The reason we hear so much about revenue from commodity prices is because the budget consistently gets its estimates wrong, and it always seems to underestimate them. When Treasury are trying to estimate how much revenue the budget will have in the coming years, they have to make lots of predictions about how the economy is going to perform in the future. A strong economy will produce more tax revenue than a weak economy.

One of the predictions they make is how much our commodities are going to sell for. The problem is that Treasury always seem to think that they will sell for far less than they do. When the commodity prices end up selling for more than they predicted, the government ends up with more revenue than they thought. This happens not because the mining industry is suddenly paying more tax but rather because their predictions were wrong.

They do this deliberately so that their estimates are conservative, and the budget always surprises with more revenue than expected. As the Figure below shows, the terms of trade which is a comparison of our export prices and our import prices. A higher terms of trade means higher export prices compared to import prices. Most of the movement in the terms of trade is movements in commodity prices. This makes it is a great proxy for movements in resource prices.

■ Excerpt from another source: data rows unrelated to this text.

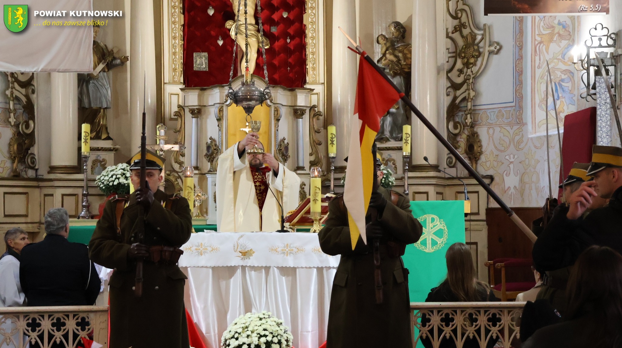 O muzyczną oprawę uroczystości zadbali członkowie zespołu Light of Hope ,oraz Orkiestra Dęta przy OSP Mazew. Świątynię wypełnili licznie wierni, a także poczty sztandarowe różnych instytucji, w tym Polskiego Klubu Kawaleryjskiego, jednostek Ochotniczych Straży Pożarnych z terenu Gminy Dąbrowice, oraz szkół ponadpodstawowych z Powiatu Kutnowskiego: I LO im. Gen. Jana Henryka Dąbrowskiego, II LO im. Jana Kasprowicza, Zespołu Szkół nr 1 im. Stanisława Staszica, Zespołu Szkół Zawodowych nr 2 im. dr. Antoniego Troczewskiego, Zespołu Szkół nr 3 im. Władysława Grabskiego, Zespołu Szkół nr 4 im. Zygmunta Balickiego w Kutnie-Azorach oraz Zespołu Szkół w Dąbrowicach. W obchodach uczestniczyli także liczni goście: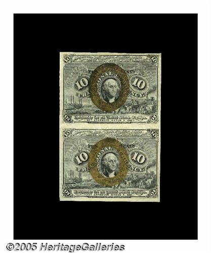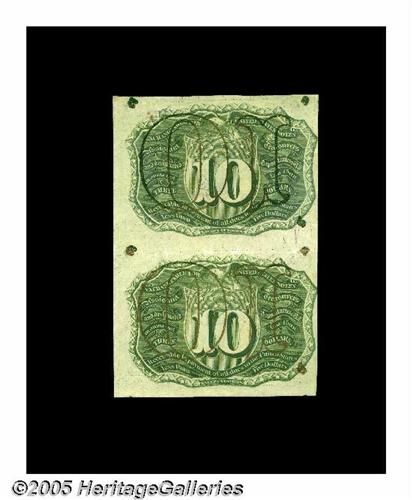 <B>Fr. 1246 Milton 2R10.3c 10¢ Second Issue Inverted Back Engraving Vertical Pair Choice New.</B></I> A beautiful high grade invert multiple that is just a touch of handling away from the Gem grade. A block of nine appeared in a 1894 Chapman Sale and we suspect that the known multiples of this number all trace back to that block. In any event, invert multiples are extremely rare and highly collectible.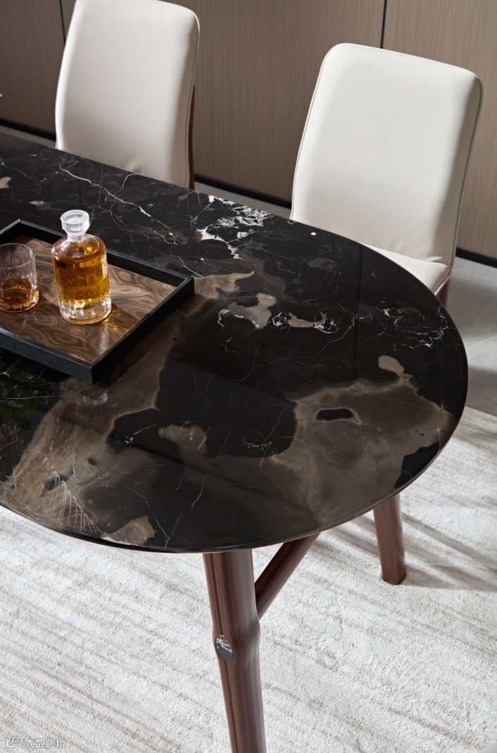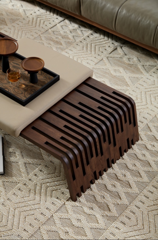 精湛的加工工艺、极致考究的细节处理,多面的切割工艺把黑胡桃木的自然之美表现得淋漓尽致,再加以时尚简约的软体搭配,一种动与静、刚与柔的空间搭配恰到好处的呈现。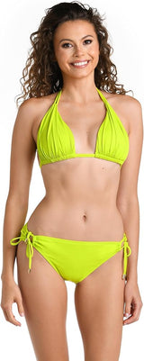 La Blanca Island Goddess Halter Triangle with Tie Side Loop Brief Bikini Set (neon) Bright Lime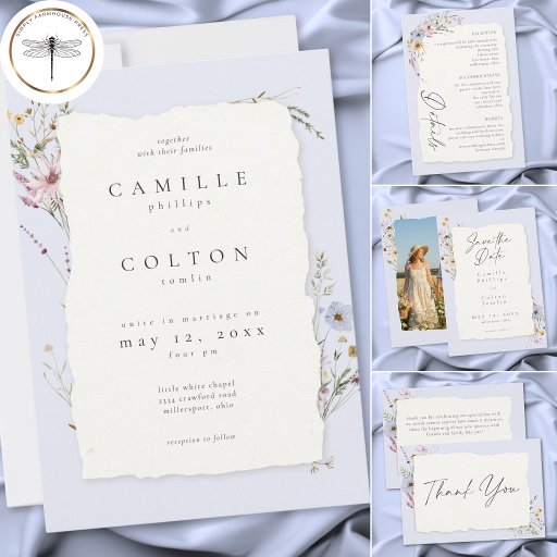 This dusty blue floral wedding photo save the date card features a soft pastel background, delicate wildflowers, and a handmade torn edge paper look. Perfect for romantic garden weddings, it offers an elegant, modern style with timeless charm for couples seeking a refined wedding design. Created by Simply Farmhouse Press.

The thick black line shows what actually happened to the terms of trade. We can see it moves around a bit and has gone up since the lows of the pandemic. At the moment they are relatively high. The thin colourful lines are the last 6 budgets with each budget’s predictions about what was going to happen to the terms of trade. Over the whole six years the terms of trade jumped around a bit (as commodity prices tend to do), but each budget’s predictions have always been for a big fall.

When those predictions turn out to be wrong, the budget gets an upgrade of revenue and we get the headlines that resources have saved the budget again.

But if Treasury deliberately and consistently predicted any other tax was going to be lower than it actually was, then it would be that tax that consistently ‘saved’ the budget.

And a quick glance at the latest budget predictions shows that yet again resource prices are expected to fall dramatically. Wait for next year’s budget to see prices revised up and revenues suddenly increase.